In 1993, the Boston Minuteman Council #227 was formed from the merger of Minuteman Council #240 (Stoneham, 1959–1993) and the Greater Boston Council #227 (Boston, 1980–1993), formerly Boston Council #227 (1921-1980 when only the name changed).

In 1966, the Quincy Council (Quincy, Massachusetts) (1918–1966) merged with the Boston Council.

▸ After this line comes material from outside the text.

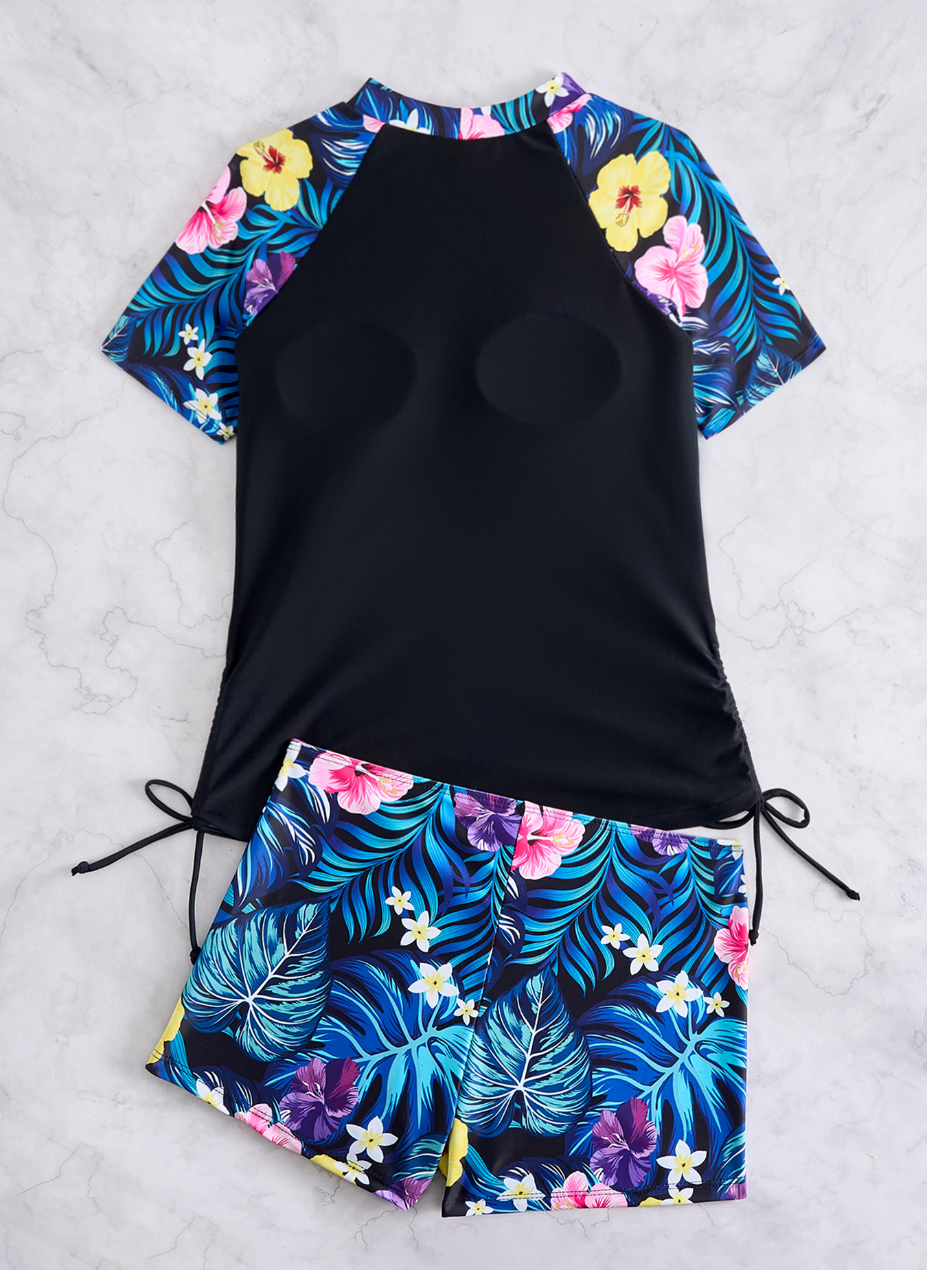 유럽과 미국의 수영복 크로스보더 스플릿 수영복 프린트 반팔 복서 수영복 아마존 스포츠 수영복 여성 2025

In 1959, the Minuteman Council (Stoneham, 1959–1993) was formed from a merger of Sachem Council #223 (Lexington, 1926–1959), Fellsland Council #242 (Winchester, 1932–1959), and Quannopowitt Council #240 (Malden, 1993-1959).

The Cambridge Council #229 (Cambridge, 1919–2001) and their Kahagon Order of the Arrow Lodge #131 were merged into the Boston Minuteman Council in 2001.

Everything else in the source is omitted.